Парамон вошел в избу совсем больной. В животе зудела тоненькая и весьма надоедливая боль, убивающая своей постоянностью. Размотал старик шарф с худой шеи, протопал валенками с пришивными голяшками к столу, оперся ревматическими пальцами о столетию и долго так стоял, грустно покачивая головой: «Вот и в Могилевскую скоро, на покой, значит, Парамон Иваныч, — нажился. Был конь езжан, диво на диво. Помереть-то ладно, да хоть не напозориться бы самому и людей не напозорить».

Петенбурги в Вазице — род отменитый: еще прадед, а может, и выше, если считать по семейному колену, ушел от моря на заработки в Петербург и занялся «художным» ремеслом. Так и пошли из рода в род ремесло это и прозвище — Петенбурги.

Парамон до тридцати не женился, подряжался церкви расписывать, потом заела «сухотка» по деревне, а может, Дуська завлекла, совсем девкой стала, и вернулся парень в деревню. Женился вскоре, но дети что-то не пошли, только перед самой империалистической Юлька родилась.

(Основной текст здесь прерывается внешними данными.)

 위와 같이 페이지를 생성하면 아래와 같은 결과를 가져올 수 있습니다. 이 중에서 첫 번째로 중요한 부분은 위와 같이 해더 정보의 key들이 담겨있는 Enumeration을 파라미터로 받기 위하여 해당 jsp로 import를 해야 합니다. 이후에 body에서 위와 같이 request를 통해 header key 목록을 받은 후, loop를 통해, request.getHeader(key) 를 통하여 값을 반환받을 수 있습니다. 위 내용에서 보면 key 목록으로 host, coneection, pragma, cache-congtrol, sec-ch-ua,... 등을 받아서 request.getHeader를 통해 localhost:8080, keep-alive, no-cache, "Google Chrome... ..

Когда Парамон под Варшавой бился, их Александро-Невский полк взяли в оборот, а потом немец-гад стал газами травить, и многие тут полегли — черные все с лица. А Петербург сумел противогаз натянуть и тем самым спасся, но только тазов успел хлебнуть. Взяли его в плен, увезли к самой Франции, кормили скверно, приходилось лягушек есть. «Не побрезговали, дак и выжили, а кто привередный был — дуба дал». Поселили Парамона в каменном бараке, под конвоем на работы водили, только вскоре бежал Петенбург и восемнадцать дней плутал в чужой земле. Затравили его собаками, не собаки — звери, все руки покусали. Привезли обратно, взяли в плети и погнали поле пахать.

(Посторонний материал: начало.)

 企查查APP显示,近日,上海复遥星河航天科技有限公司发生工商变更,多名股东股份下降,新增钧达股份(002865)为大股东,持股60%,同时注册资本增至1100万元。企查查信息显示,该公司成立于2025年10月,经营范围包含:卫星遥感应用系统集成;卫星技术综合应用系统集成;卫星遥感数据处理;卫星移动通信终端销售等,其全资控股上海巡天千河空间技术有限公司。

Месяца через два познакомился Парамон с полячкой, Терезией звать. А был еще друг у него, Кузьмин по фамилии. Все с гармошкой по вечерам сидел на крыльце. Баб бывало соберется! Перепилив решетку, бежал Петенбург снова на пару с Кузьминым. В штатское переоделись, в поезд сели. Адреса варшавские были, потому как полячка здорово в Петенбурга влюбилась и дело у них к свадьбе шло. Но как побежал Петенбург, то все уговоры забыл, а остановился лишь под Москвой, когда красные в плен взяли и поставили к стенке. Ведь суды тогда скорые были: мол, дезертир — и все, и нечего хвостом вертеть. Но тут словно пелена с глаз слетела: увидали, сколь пленный телом худ, с лица болен. Записали в конвойный батальон и отправили на фронт.

Пришлось Парамону еще на фронтах гражданской пуд соли съесть. Вернулся домой — уже дочери шесть лет. Но, правда, недолго длилось семейное счастье: умерла жена через год. Остался Парамон вдвоем с дочерью в большом отцовом доме, да с ним проклятая болезнь, которую привез Петенбург с «ерманской».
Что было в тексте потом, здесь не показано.